Existen tres criterios, que se aplican a casos distintos: el primero, en la parte subdesarrollada del mundo, niega todo concepto de dignidad. ¿Cuál dignidad?, se pregunta, y concluye que no existe nada que responda a esa idea elitista y excluyente del pasado. El segundo propone que el artista es responsable ante la comunidad, puesto que pretende influir en ella, y que su persona y su obra deben ser consecuentes con el propósito de una sociedad ordenada y en paz. Según el tercero, el artista se expresa a sí mismo sin ninguna otra consideración, gústele al que le gustare y pase lo que pase, porque él está en su negocio. Se trata del individualismo egoísta, elevado a norma general. De los últimos dos criterios han quedado obras notables. Del primero, todavía no.
La palabra dignidad hace reír a los que no la tienen y se niegan a considerarla aun como posibilidad. Sin embargo todos los pueblos la sustentan en el entendimiento de un origen divino. Dignidad es tener conciencia del propio valor como ser civilizado y culto, y que esa condición sea respetable y respetada. Si se repasa la obra de Gonzalo Arango se verá que insistió mucho en esa idea de dignidad humana –hombre libre entre hombres libres– que él veía amenazada.
Los poetas mismos (como el emperador del Japón) abdicaron de su divinidad. Pero la divinidad es irrenunciable. El que abdica se convierte en el único despojado, ya que la categoría divina sigue presente en todos los demás. Sólo el que renuncia a la investidura divina se convierte en cerdo. Pero no se asusten: el cerdo también es divino (con salsa dulce).
El poeta y el sacerdote son los llamados a luchar por la dignidad humana, que otros hombres pisotean, porque el poema y la oración tienen el mismo origen: ambos son plegaria.
En la contradicción de las ideas políticas el concepto de dignidad aparece confuso y calculado para confundir. Si el poeta se deja confundir, portará como los demás una antorcha apagada. De muchas cosas está hecha la dignidad, y una de ellas es de Verdad. Pero no sabemos qué es la Verdad, porque cuando al fin la encontramos resulta que está desnuda, y por estar desnuda no podemos mirarla.
Sólo el que defienda la dignidad de ser poeta podrá escribir buenos versos.

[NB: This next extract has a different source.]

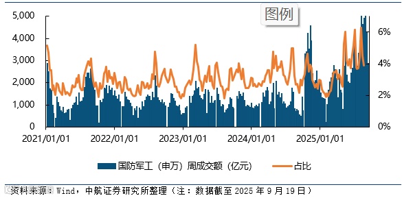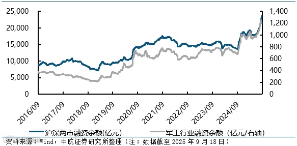 截至2025年9月18日,军工行业的融资余额合计1212.73亿元,比上周环比上升0.08%,占两市融资余额比例为5.10%。

Mirar el mundo desde lo alto para poder tener una visión de conjunto. “No basta con saber escribir buenos poemas –advierte Evtushenko–; es necesario también ser capaz de defenderlos”.

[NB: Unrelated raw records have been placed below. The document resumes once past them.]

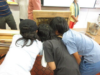 子どもたちは興味津々で話を聞きながら、じっくり観察し、女王蜂を探したり、羽化する蜂を観察したりしていました。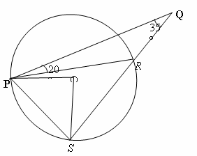 P, R and S lies on a circle centre O as shown above, while Q lies outside the circle. Find $\angle$PSO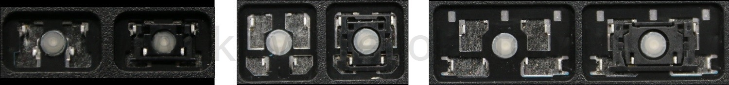 - Om het juiste model te kiezen, vergelijk de lege plek op jouw toetsenbord met de onderstaande foto’s, of verwijder de toets “A” – daaronder zit altijd een middelgrote clip.

Se dice por estas latitudes que todos los hombres son iguales en la indignidad, que no existe ni ha existido nunca en el ser humano algo que pueda nombrarse con el término dignidad, y que esa palabra no es más que una herencia burguesa, de procedencia aristocrática, falsa y carente de significación. Me temo que ese es el argumento de aquellos que intentan rebajar al hombre para convertirlo en carne de cañón, siervo y esclavo por igual.
El que en su condición de hombre empieza por despreciarse, no se merece, y mucho menos podrá enseñar a otros superación y espiritualidad. Porque aquél que no se cree digno de sí envilece a toda la humanidad.
Durante mucho tiempo el poeta se ha escondido, aunque sea detrás de un seudónimo, o con una careta de funcionario. Cada profesional pone en la puerta su letrero, pero el poeta no sabe qué poner, ni qué decir. Que los poetas no sean modestos, ni tímidos, ni fáciles, ni sencillos.
Hay, pues, un concepto que llamamos dignidad, el cual nos impulsa a la superación. Sin él nos hundimos en la indignidad. El concepto de dignidad del ser humano se ha borrado por completo en Colombia para esta época. Si algo hay qué rescatar, eso sería lo fundamental. Es el poeta, como visionario, el llamado a ese empeño, si es que ser poeta tiene algún sentido y puede alcanzar algún mérito.